So only one thing is left, you can use lvm2 bare, or you can use lvm2-thin dataset on top of lvm2, the bare approach supports simply clusterization, so access from different nodes to same Blocksystem, lvm2-thin supports on other hand Snapshotting and some other features but no Clusterization.
Its actually exactly the same with ZFS, just that ZFS supports Snapshots in any condition, because ZFS does snapshots on bare Blocksystem but the ZFS-Filesystem doesn't support Clusterization.
Dunno how i can explain that better, since ZFS is somewhat a mix between Blocksystem and Filesystem, its both, so its harder to explain.

The only real Downside of LVM, that it is not a Filesystem, like ZFS is both, LVM is only a Blocksystem.
That means in Short, in a example of Proxmox (because it seems like you are familiar with)
VM's can run bare on LVM2 or LVM2-Thin, because they use qcow and raw, but LXC-Containers or any access on the Proxmox host itself (samba server or whatever else), cannot run on LVM, because those need a filesystem.

So you can simply use bare LVM for VM's for the maximal performance and create a dataset and format it with ext4 for example for everything else that needs a Filesystem. Or you can create multiple LVM2-Thin Datasets for example that are not size limited and act exactly the same way as ZFS Datasets and format it with whatever filesystem you like.
The datasets will take only the space they need for the files inside them, which in the end is your Big Raid pool i believe?

Cheers

[Ramalama2]

BTW, 16x64GB will be slower as 8x64 or 8x128.
Not so much slower, but most Platforms i seen do downclock the memory if you use 2 Dimms per Channel.
Often from 4800 to 4200, or 5200 to 4200 if in 2D Config.
But i also cannot tell you how much the downclock slows down the bandwidth, never tested.
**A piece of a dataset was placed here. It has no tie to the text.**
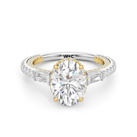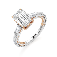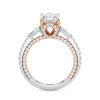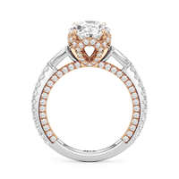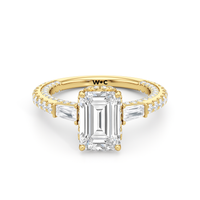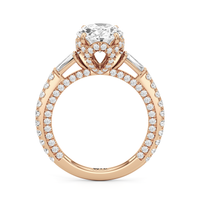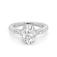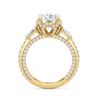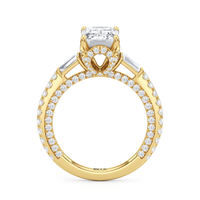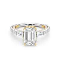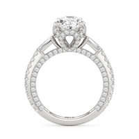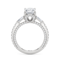Boasting a radiant three stone silhouette, the ring is crowned with center stone flanked by baguette side stones and pave round diamond shank. The center stone is nestled in the signature diamond-adorned, petal-inspired basket of the Chrysler collection. The ring is a classic beauty with shimmering floral details and diamonds that adorn the front view.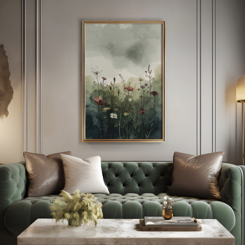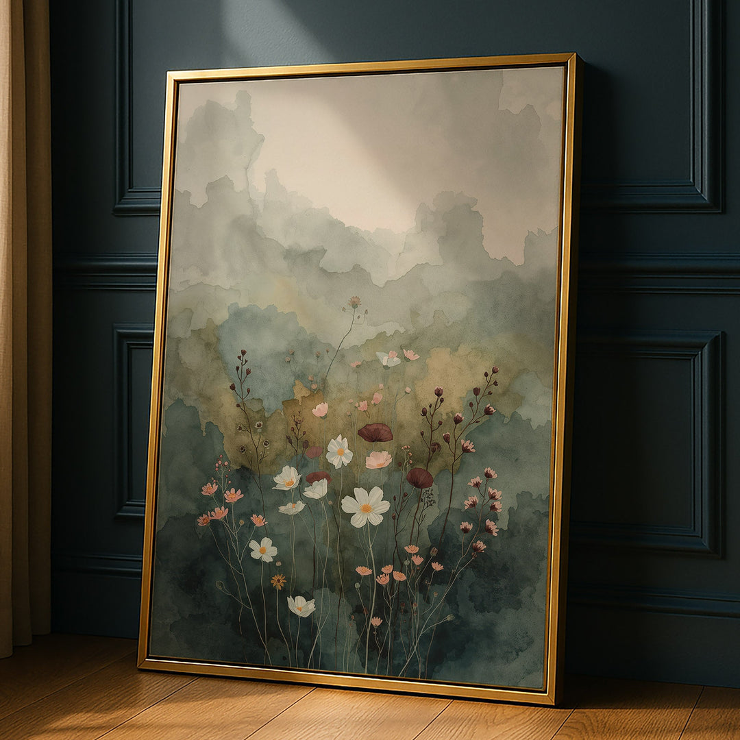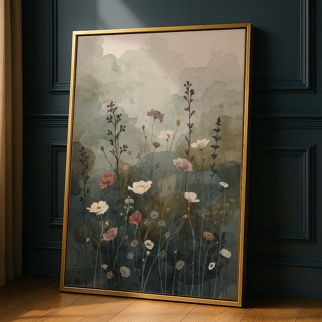 Whispering Meadow Calm - Wildflowers Dark Watercolor Canvas Print

But keep that in mind, read your Mainboard or Chassis Manufacturer manual/specs something, its mentioned there usually somewhere.

And yeah i know that 128GB DDR-5 ECC Modules are insanely stupid more expensive as 64GB, but its your decision.
Cheers

[stovakor]

This is great information. Our workload will be 50+TB of large (mostly static) non-compressible media files. Ranging from 10-40GB per file. Once the media is generated we need to retain it indefinitely. So our storage will only grow and grow.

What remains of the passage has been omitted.